• Instructions for the task:
Write the listing below out again exactly, dropping the images.
Stored data START
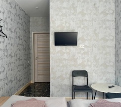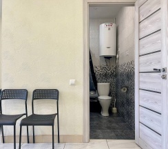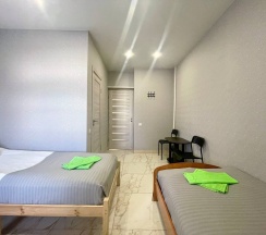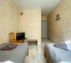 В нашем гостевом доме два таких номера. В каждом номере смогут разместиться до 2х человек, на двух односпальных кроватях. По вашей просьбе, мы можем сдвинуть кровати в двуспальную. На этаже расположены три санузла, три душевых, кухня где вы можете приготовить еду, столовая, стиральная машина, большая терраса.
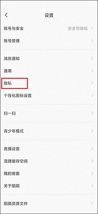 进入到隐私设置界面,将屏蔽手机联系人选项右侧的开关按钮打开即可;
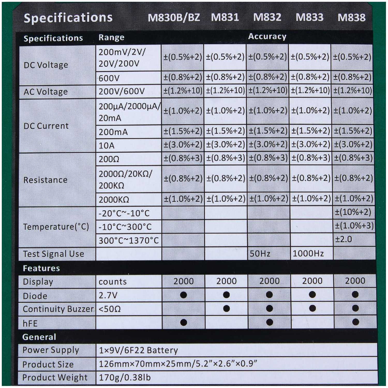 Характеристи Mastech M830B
Stored data END
• Response to the exercise:
 В нашем гостевом доме два таких номера. В каждом номере смогут разместиться до 2х человек, на двух односпальных кроватях. По вашей просьбе, мы можем сдвинуть кровати в двуспальную. На этаже расположены три санузла, три душевых, кухня где вы можете приготовить еду, столовая, стиральная машина, большая терраса.
 进入到隐私设置界面,将屏蔽手机联系人选项右侧的开关按钮打开即可;
 Характеристи Mastech M830B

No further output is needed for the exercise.